The great door creaked and staggered wide open once the wooden arm which held it had been withdrawn from the iron hasp. Instead of the door a curtain of spangled light hung protecting the secrets of the cavern beyond. He pushed through, needlessly stooping, for the swallows’ nests encrusting the lintel were several feet above his head. As on previous occasions, his heart was beating noisily for the pleasures of renewed acquaintance.

Stashed away in the shadows of the barn, all these implements and machines were by now more believable as sculpture, though here and there, traces of a practical function clung still to esoteric forms: soil to a ploughshare; grains of unsown maize in a row of wooden box-compartments; a faint pungency of fertilizer lingering where he had lifted a lid. From touching the scant remains of superphosphate his ephemeral fingertips became as shrivelled as the ageless grains of corn.

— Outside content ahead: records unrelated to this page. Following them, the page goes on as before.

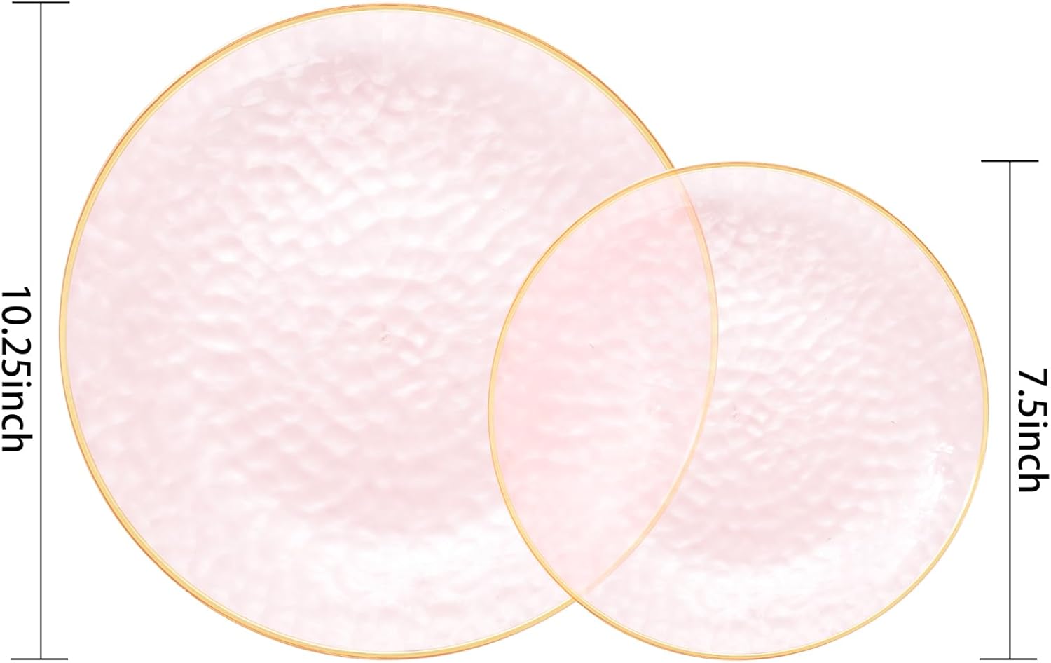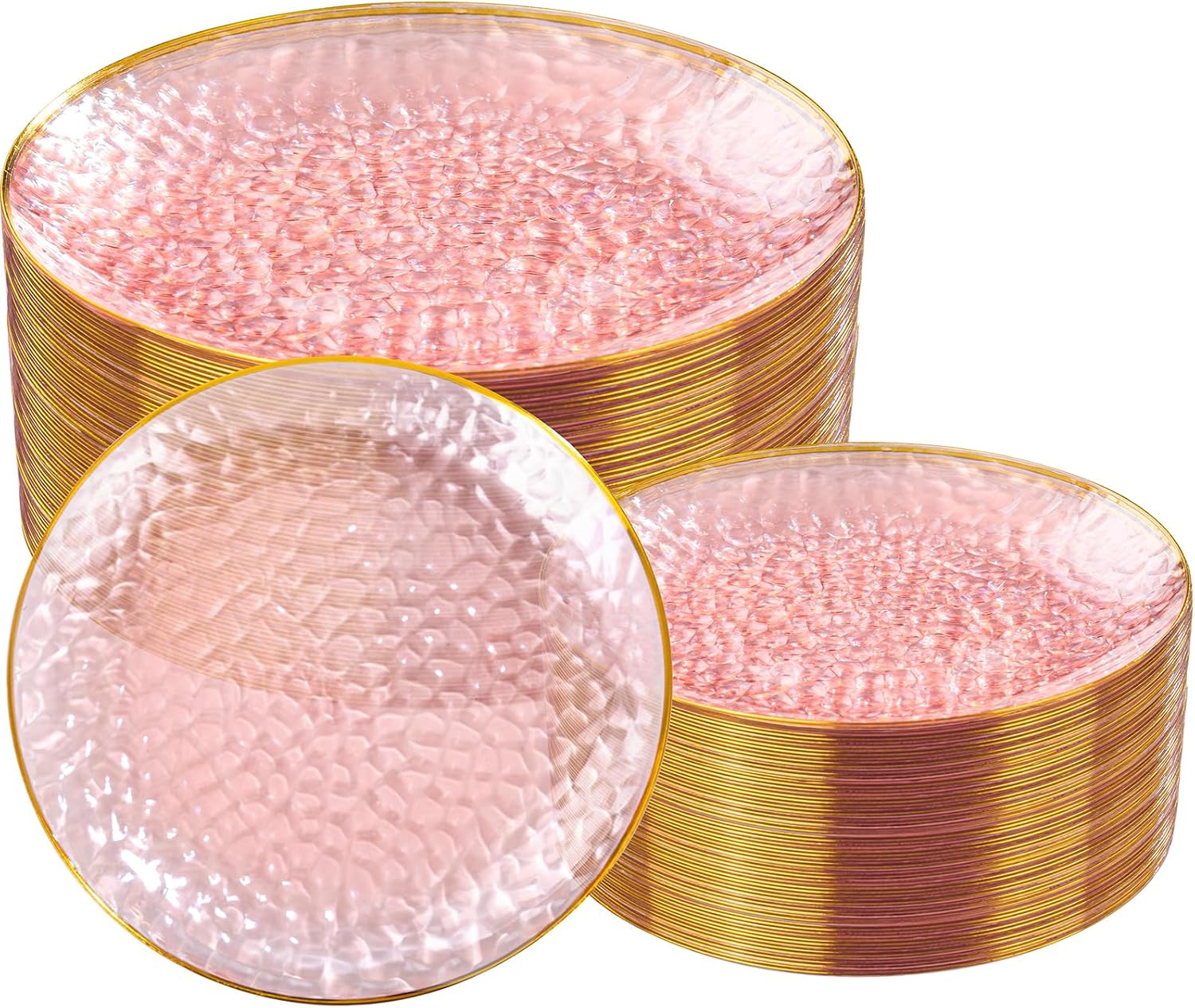 Rubtlamp 100Pcs Clear Pink Gold Plastic Plates, Pink Disposable Plates With Gold Rim, Hammered Plastic Plates Include 50 Clear Dessert Platos, 50 Dinner Platos for Party
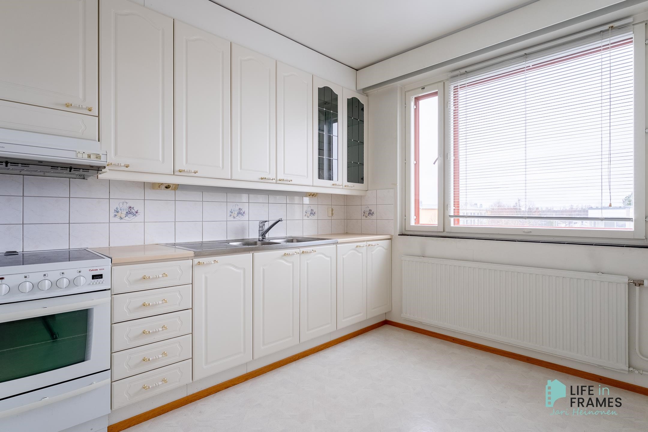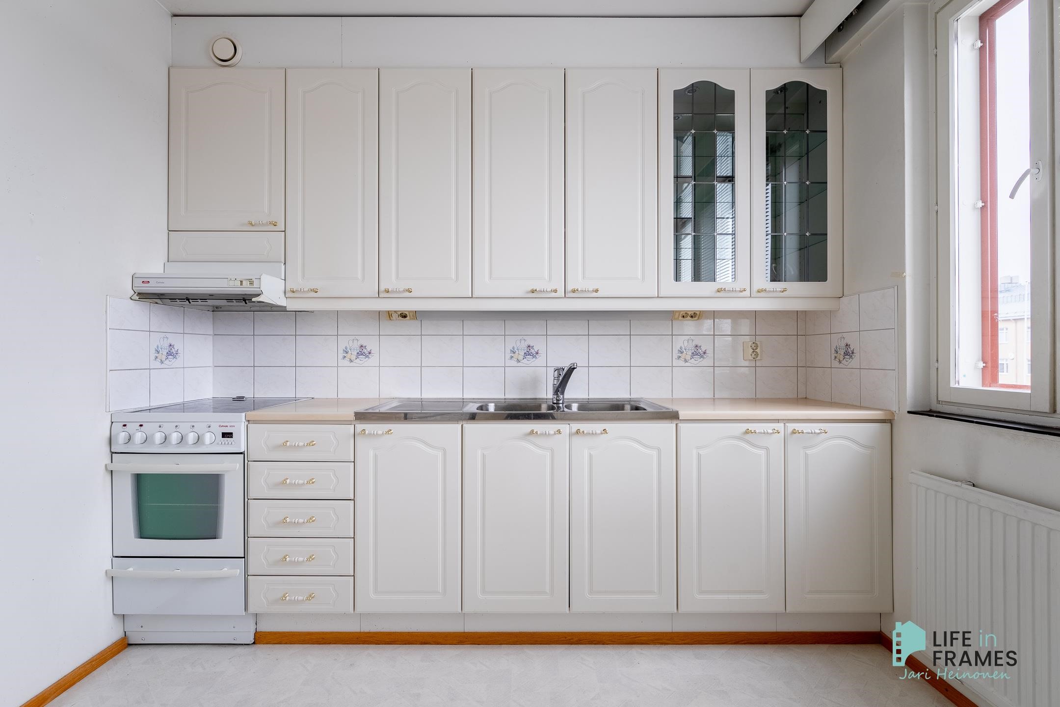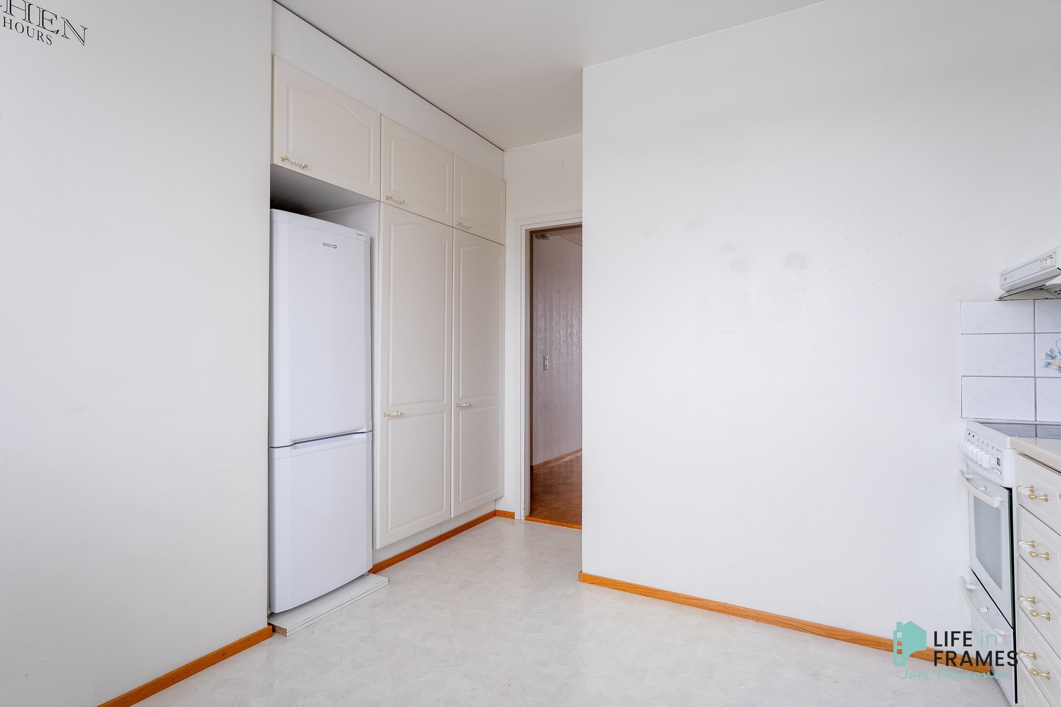 - Jääkaappipakastin, lattialiesi, sähköliesi, keraaminen liesi, liesituuletin, kaapistot, kiinteät valaisimet.
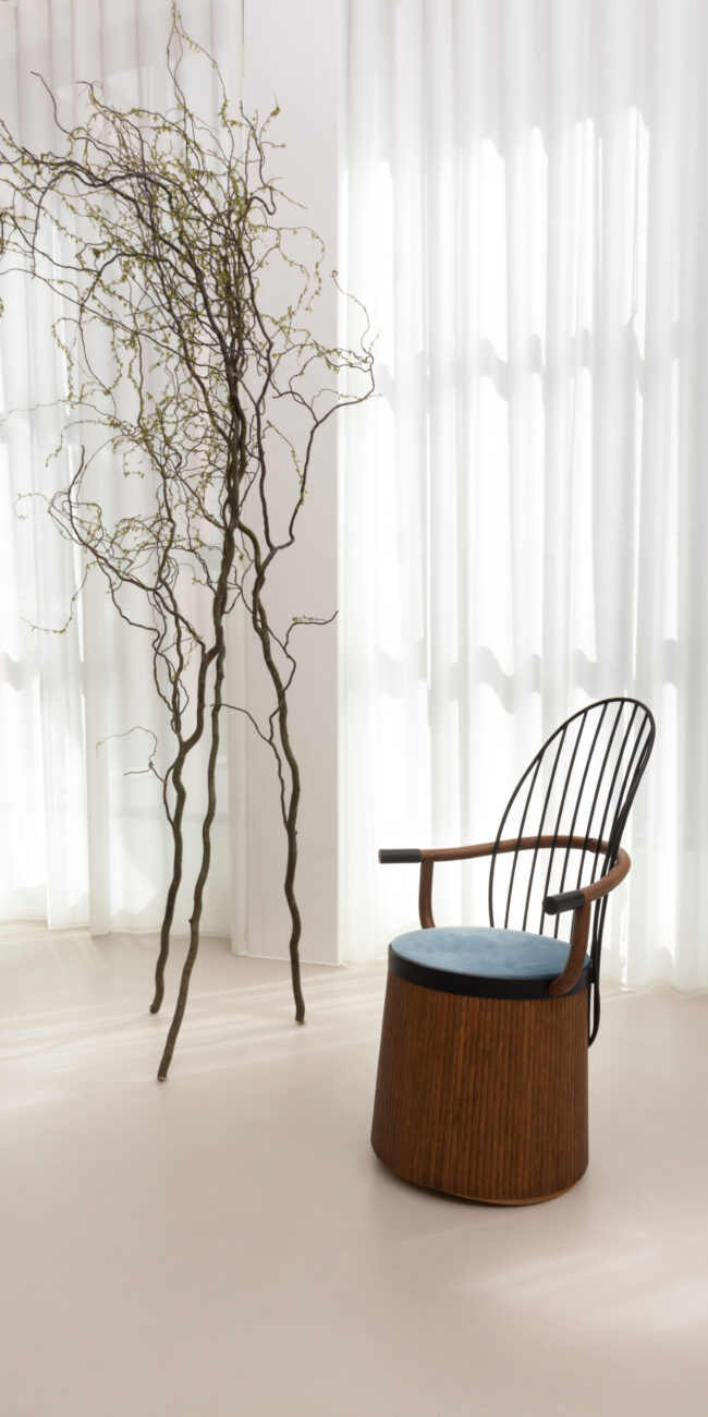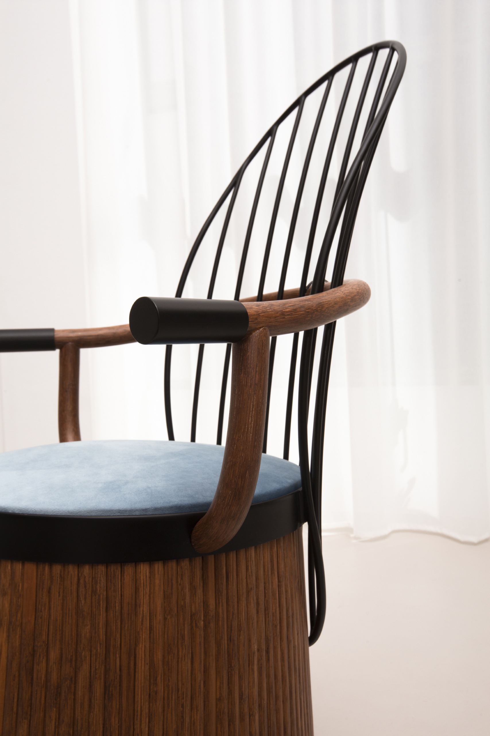 La base della seduta è troncoconica ed è realizzata con bacchette di rattan tagliate a mano dall’artigiano e assemblate una per una, il bracciolo è realizzato in canna piegata e lo schienale in ferro verniciato.

He was lured farther: to bounce on a harvester’s rusted though resilient seat, while walls of green fell before his progress down the river flat. He could feel the hand at his shoulderblades: to prevent young Basil falling off. Hating at the time this indignity of protective hands, you would have had them back long after shrugging them off for ever: strong but submissive, insensitive, while abrasively solicitous.

Mucking around always deeper in the shadow, Basil knew he was deliberately saving one corner till the last. Where most of the utilitarian machines had returned to being the bores they always were, nothing would dull his delight in what that far corner contained. He was trembling to such an extent he was glad to bend down and pick up a boot he could not remember noticing on other visits. A bloom of fungus on leather cast in iron wrinkles discouraged any normal foot from prising its way into the boot. Suddenly Basil was determined to wear it, and got it on. He was able to hobble around too, heel raised higher than the inturned toe. And was not handicapped more than he already knew: he could have been wearing this same unnatural boot on his walk to Dover.